The terminal operations are usually "eager". That is, they ask for all the items in the stream that are needed for them to complete.

So you should really think of the pipeline as the forEach asking the stream behind it for the next item, and that stream asks the stream behind it, and so on, all the way to the source.

With that in mind, let's see what we have with your first pipeline:

Stream.of(1,2,3,4,5,6,7,8,9)
        .peek(x->System.out.print("\nA"+x))
        .limit(3)
        .peek(x->System.out.print("B"+x))
        .forEach(x->System.out.print("C"+x));

So, the forEach is asking for the first item. That means the "B" peek needs an item, and asks the limit output stream for it, which means limit will need to ask the "A" peek, which goes to the source. An item is given, and goes all the way up to the forEach, and you get your first line:

A1B1C1

The forEach asks for another item, then another. And each time, the request is propagated up the stream, and performed. But when forEach asks for the fourth item, when the request gets to the limit, it knows that it has already given all the items it is allowed to give.

Thus, it is not asking the "A" peek for another item. It immediately indicates that its items are exhausted, and thus, no more actions are performed and forEach terminates.

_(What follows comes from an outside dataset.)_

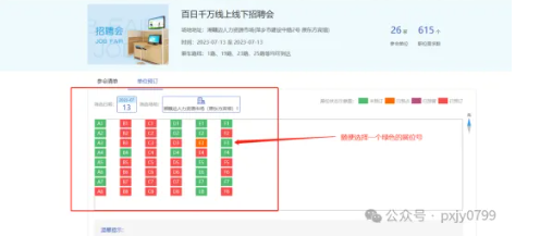第二步:点击顶部导航栏“单位中心”。在“预订招聘会”中找到时间为9月25日,名称为“职引未来—2025年全国城市联合招聘高校毕业生(江西)秋季专场活动”,并点击进入会场页面,点击“预订展位”。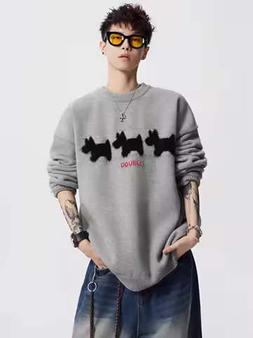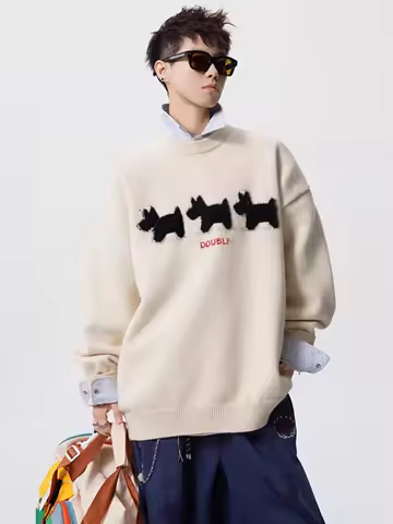 Winter Cartoon Dog Knitted Sweaters For Men Y2K Vintage Pullovers Knitwear Women Casuals Jumpers Streetwear Knit Sweater Couple

What happens in the second pipeline?

    Stream.of(1,2,3,4,5,6,7,8,9)
    .peek(x->System.out.print("\nA"+x))
    .skip(6)
    .peek(x->System.out.print("B"+x))
    .forEach(x->System.out.print("C"+x));

Again, forEach is asking for the first item. This is propagated back. But when it gets to the skip, it knows it has to ask for 6 items from its upstream before it can pass one downstream. So it makes a request upstream from the "A" peek, consumes it without passing it downstream, makes another request, and so on. So the "A" peek gets 6 requests for an item and produces 6 prints, but these items are not passed down.

A1
A2
A3
A4
A5
A6

On the 7th request made by skip, the item is passed down to the "B" peek and from it to the forEach, so the full print is done:

A7B7C7

Then it's just like before. The skip will now, whenever it gets a request, ask for an item upstream and pass it downstream, as it "knows" it has already done its skipping job. So the rest of the prints are going through the entire pipe, until the source is exhausted.